Лев вытянул немного морду, чтобы меня обнюхать, зевнул и закрыл глаза. Я продолжал грубо ласкать рыжую шкуру. Кинг больше не шевелился.

— Хорошо, теперь вы друзья, — важно сказала Патриция.

Но тотчас она рассмеялась, и невинное лукавство, которое я в ней так любил, брызнуло в ее веселом смехе со всей детской непосредственностью. — Сильно испугались, правда? — спросила она.

— Мне и сейчас страшно, — ответил я.

При звуках моего голоса огромный лев приоткрыл один желтый глаз и уставился на меня.

— Чешите ему шею, не останавливайтесь и говорите что-нибудь, быстро! — приказывала Патриция.

Я повторил:

— Мне и сейчас страшно, очень страшно, очень…

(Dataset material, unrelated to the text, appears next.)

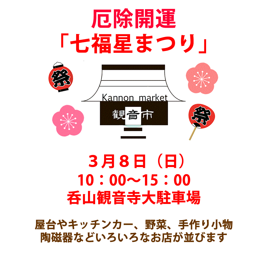 ただ今、「春季大祭七福星まつり 観音市」「桜まつり春の観音市」を募集しております。

Лев послушал меня немного, зевнул, потянулся, — я почувствовал, как под моей ладонью перекатились чудовищные мышцы, — скрестил передние лапы и замер неподвижно.

— Хорошо, — сказала Патриция. — Теперь он вас знает. Ваш запах, кожу, голос, — все знает. Теперь можно устроиться поудобнее и поболтать.

Я постепенно замедлял движения, просто держал руку на шее льва и наконец убрал ее.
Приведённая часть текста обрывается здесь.